Because of its prevalence, especially in women of reproductive age, cigarette smoking is one of the most clinically relevant risk factors [56]. Cigarette smoke (CS) contains over 4000 chemicals, many of which are known reproductive toxicants [57]. Smoking can lead to many hormonal changes. Research shows that CS causes increased FSH production, shortening the follicular phase and resulting in anovulation, poor luteal function, and menstrual irregularities [58]. Alkaloids present in CS can similarly decrease the production of progesterone, leading to luteal deficiency [59]. CS can also decrease estrogen levels by interfering with granulosa cells and aromatase enzyme, consequently disturbing the pituitary-gonadal axis. One study showed that women who smoked had a significantly increased risk of spontaneous abortion [60].

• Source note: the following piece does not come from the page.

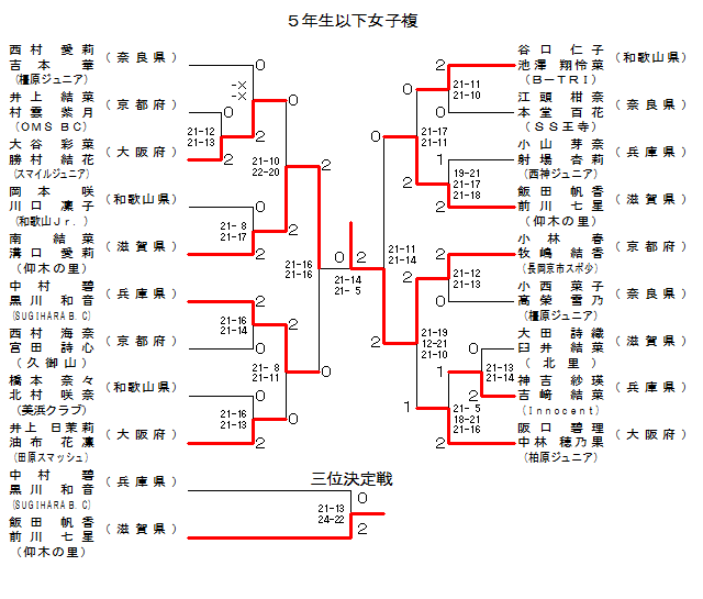 | GD5-5 | SUGIHARA B.C[•ºŒÉŒ§] | ’†‘º •ÉE•ì ˜a‰¹ | ‚Q | 21-16 21-14 | ‚O | ¼‘º ŠC“ÞE‹{“c ŽS | ‹vŒäŽR[‹ž“s•{] | |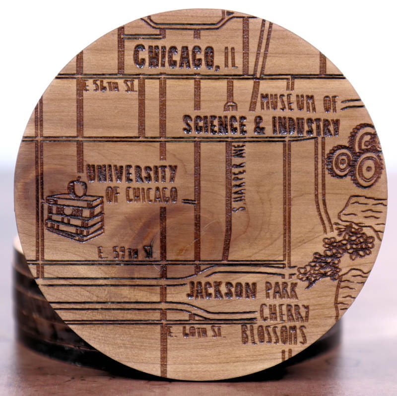 Elevate your home decor with our Chicago Illinois Solid Wood Coaster Set! Made from premium solid wood, each coaster features iconic landmarks and maps of the Windy City. Protect your surfaces in style while adding a touch of charm to any room. Comes in a set of six. Perfect for any Chicago lover!

Harmful chemicals in smoking such as nicotine and polycyclic aromatic hydrocarbons can increase OS in the body by upregulating production of free radicals and/or decreasing antioxidant defenses [57, 61, 62]. Since OS is widely recognized to impair vital processes such as folliculogenesis, steroidogenesis, embryo transport, and uterine receptivity, CS can be highly detrimental to reproductive function. Thus, CS, via OS and ho rmonal alterations, can result in infertility and high risk pregnancies [63].